**What to do**
Give again, word for word, each line of the data from the first through the one containing "Des chatons et". Pictures stay out.

**Collected material**
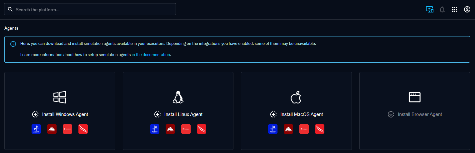 The OpenBAS platform manages 4 executors which can be installed on Windows, Linux and MacOS. This table below summarizes the information about each agent.
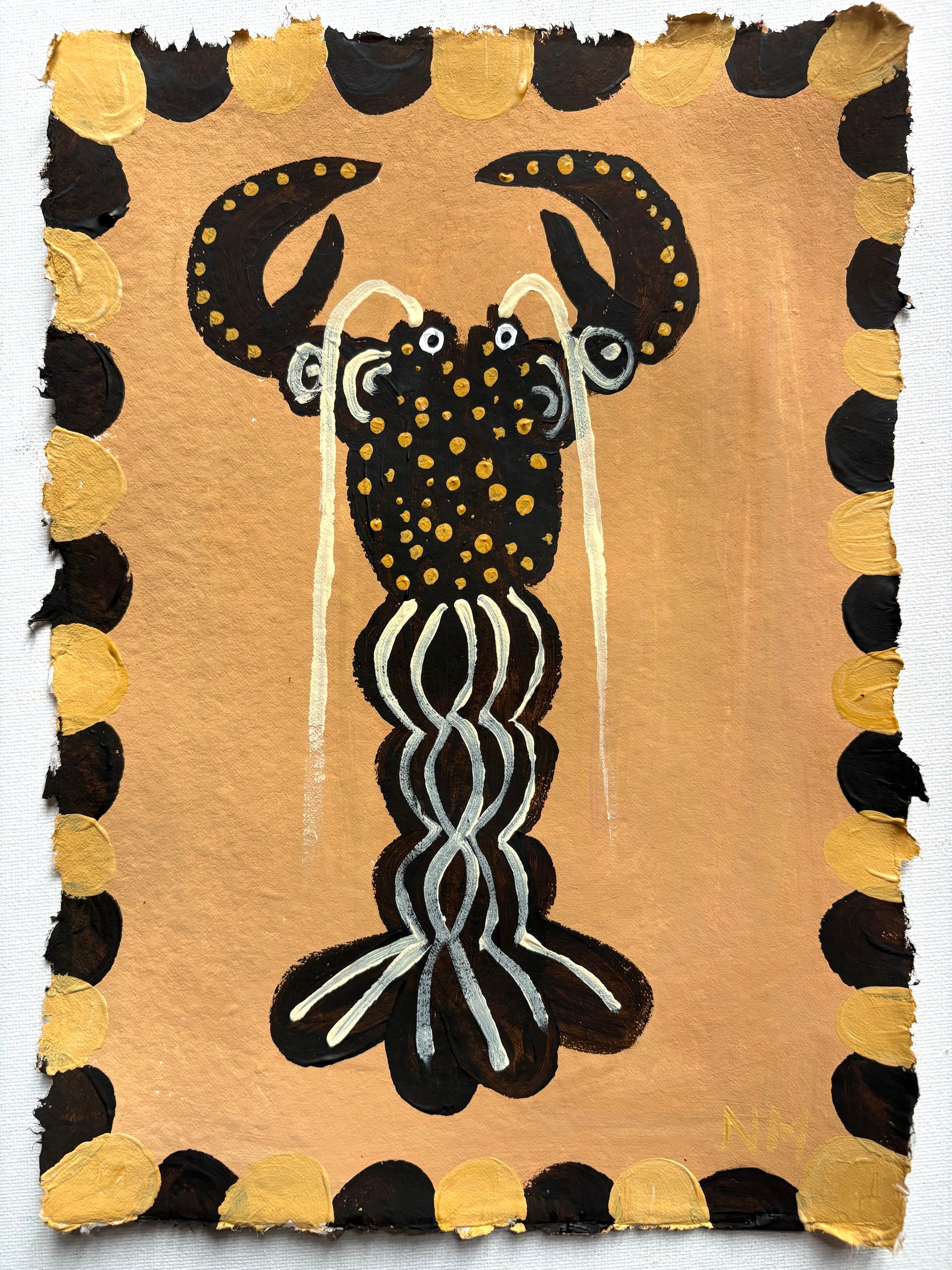 Acrylic painting on textured, handmade paper.
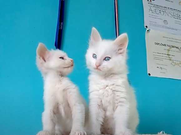 Des chatons et leur maman Angora Turc s'amusent sur l'arbre à chat. En effet, un des chatons souhaite taquiner sa maman alors que cette dernière est en pleine séance de toilettage. Elle n'hésite pas à lui faire comprendre que ce n'est pas le moment de jouer avec elle : le petit félin n'a pas l'air très content, et se rabat alors sur son congénère.
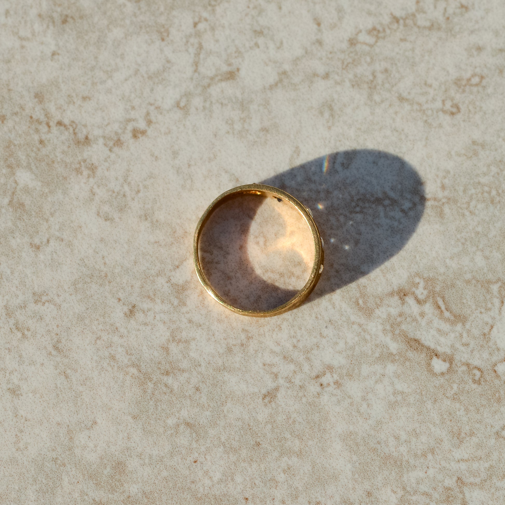 Antique five-stone band with star-set rosecut diamonds and sapphires. Finished with engraved texture for a unique look!

**Response**
 The OpenBAS platform manages 4 executors which can be installed on Windows, Linux and MacOS. This table below summarizes the information about each agent.
 Acrylic painting on textured, handmade paper.
 Des chatons et leur maman Angora Turc s'amusent sur l'arbre à chat. En effet, un des chatons souhaite taquiner sa maman alors que cette dernière est en pleine séance de toilettage. Elle n'hésite pas à lui faire comprendre que ce n'est pas le moment de jouer avec elle : le petit félin n'a pas l'air très content, et se rabat alors sur son congénère.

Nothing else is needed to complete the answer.